For the diagonal we have $\sum L_{\downarrow i} - L_{\downarrow i}L_{\downarrow i} + 1 = 1\quad$ (with the $1$ coming from $I$).
So, if we can show that $\sum L_{\downarrow i} - L_{\downarrow i}L_{\downarrow j}\ge 1$ for all $j\neq i, j=1,..,n$, we are done.

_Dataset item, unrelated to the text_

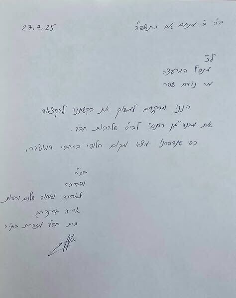 ראש המועצה, גבי גאון, הודיע על ההתפתחות לאחר פגישה שקיים עם רב קהילת חב"ד, אריה גרינברג, נציג הורים וחבר המועצה אהוד אביר לב. לדברי גאון, הרב גרינברג עדכן כי הוא מבקש למשוך את הבקשה מתוך כוונה לבחון חלופות נוספות למיקום בית הספר היסודי 'שלהבות חב"ד'. גאון הוסיף: "בימים של קיטוב גובר ובמיוחד היום, ראש חודש אב, חשוב שנפעל לקירוב לבבות והתחשבות בין כלל תושבי המושבה".

We can rewrite each cell as: $$ \sum L_{\downarrow i} - L_{\downarrow i}^TL_{\downarrow j} \\= (1,...,1) L_{\downarrow i} - L_{\downarrow i}^TL_{\downarrow j} \\= \big((1,...,1) - L_{\downarrow i}^T \big)L_{\downarrow j} $$
This means that if we can choose the entries of $L$ so that for every ordered pair of columns of $L$ we have one row that is $0$ in the first, and $1$ in the second column, we are done.

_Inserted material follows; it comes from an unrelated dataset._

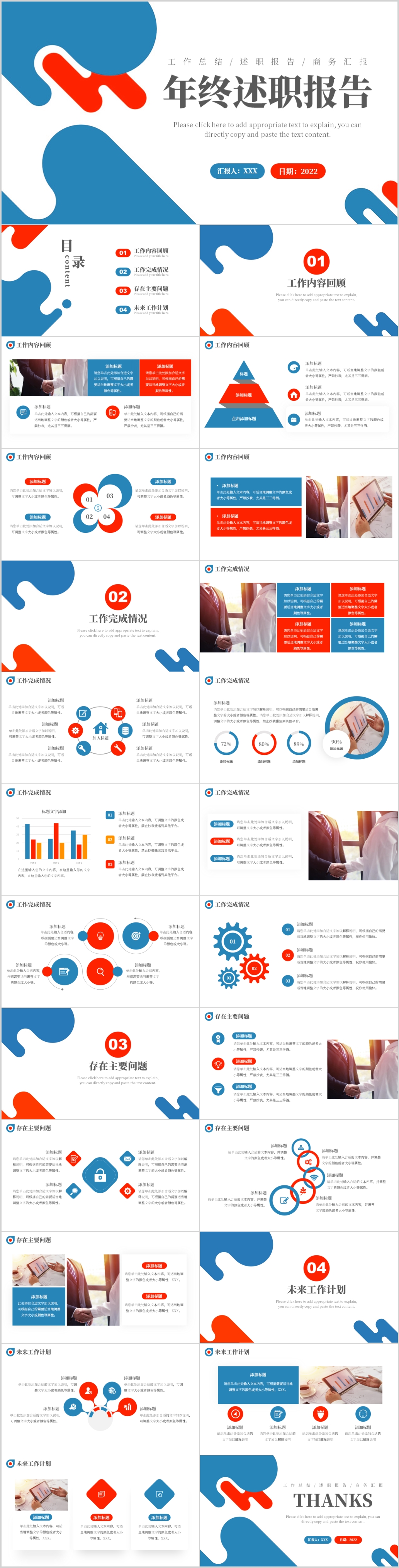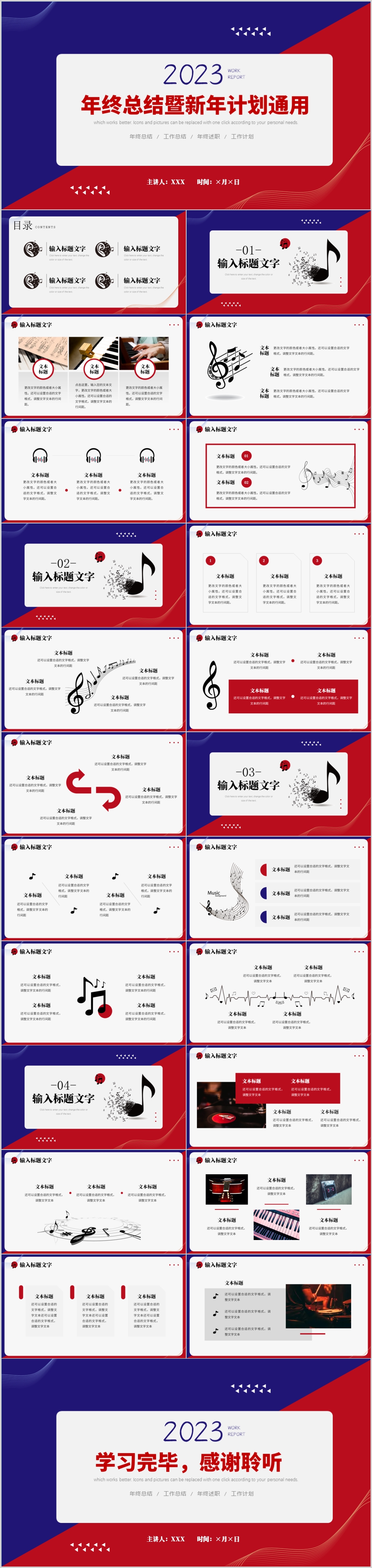 2023红蓝拼色创意年终总结暨新年计划ppt模板

(i.e. if the columns are $ L_{\downarrow i},L_{\downarrow j}, \,\, i,j\in\{1,..,n\}, i\neq j$ they'll have to look like $\pmatrix{...\\1\\...},\pmatrix{...\\0\\...}$ or equivalently $L_{k,i} = 1, L_{k,j} =0$)
And that's the point where I'm stuck. I can't think of a way that makes use of this property while also taking the special shape of $L$